« C’est lui qui m’a poussée à le faire. » Cette phrase, Solène, responsable communication chez Gleeden, l’a entendue des dizaines de fois. Pas dans un soap américain, mais bien dans les témoignages d’utilisatrices de la célèbre plateforme de rencontres extra-conjugales. Derrière cette confession déroutante se cache une tendance de fond, désormais confirmée par les chiffres : le couple libre séduit de plus en plus de Français. Et ce sont parfois les hommes eux-mêmes qui ouvrent la porte… à l’infidélité éthique.
Le couple exclusif : une pression trop forte ?
Selon la dernière enquête Ifop pour Gleeden, 15 % des Français ont déjà été en relation libre au cours de leur vie — un chiffre qui monte à 23 % chez les Parisiens. Plus surprenant encore : dans un couple libre sur cinq, c’est le conjoint qui a proposé cette ouverture.
« Je voyais cette tendance de fond émerger chez nos membres depuis des années, confie Solène. Ce ne sont pas des libertins : ce sont des gens qui aiment leur conjoint, mais qui se rendent compte que le modèle classique ne leur convient plus. »
Fini le mythe du partenaire parfait, à la fois meilleur ami, amant torride et coéquipier parental. Trop de rôles pour une seule personne ? « Parfois, externaliser certains besoins, c’est enlever une énorme pression. Et paradoxalement, quand tu as le droit, tu ne le fais pas toujours. Le transgressif disparaît. »

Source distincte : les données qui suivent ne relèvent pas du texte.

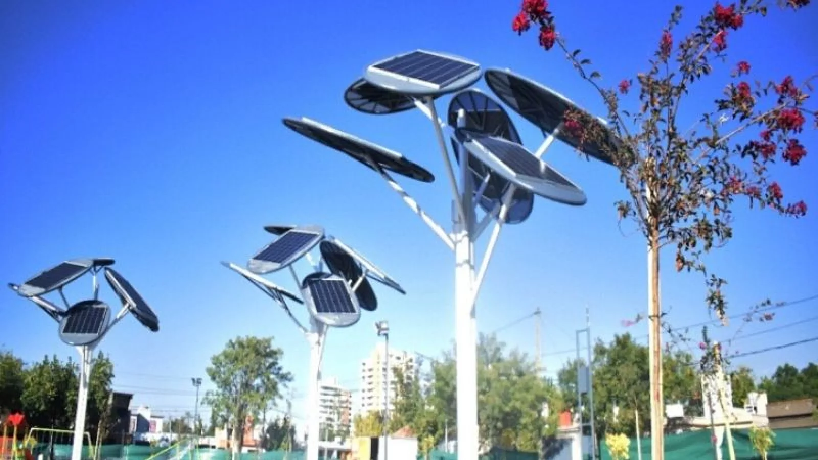 La primera plaza con árboles solares de Argentina está en Godoy Cruz, Mendoza. El intendente de la ciudad, Tadeo García Zalazar, explicó en Energía Limpia XXI que el espacio son 18 los paneles para proveer de energía al paseo y su entorno, además de que se coloca un medidor bidireccional para que esa producción se dirija a la red y genere un crédito a favor del municipio en la boleta de la luz.

Une infidélité… assumée et parfois salvatrice
L’étude révèle aussi que 8 % des Français sont actuellement en relation ouverte, un chiffre qui double à Paris (17 %). Et parmi ces couples, plus de la moitié ont vu leur relation s’améliorer depuis l’ouverture.
« Quand les règles sont claires et les attentes posées, on observe que la relation peut même en sortir renforcée. » En effet, 89 % des couples libres se disent satisfaits de leur relation actuelle, et 54 % estiment que l’infidélité convenue augmente leur désir pour leur partenaire officiel.
Les nouvelles règles de l’amour
Si le modèle classique vacille, c’est aussi que de plus en plus de Français veulent reprendre le contrôle sur leur vie affective et sexuelle. Un chiffre emblématique le prouve : 15 % des personnes en couple exclusif accepteraient aujourd’hui d’ouvrir leur relation si leur partenaire le proposait.
« Ce n’est pas une crise du couple, c’est une mutation », tranche Solène. « Et Gleeden est au cœur de cette transformation, car nous offrons un espace sécurisé à ceux qui choisissent de s’aimer autrement. »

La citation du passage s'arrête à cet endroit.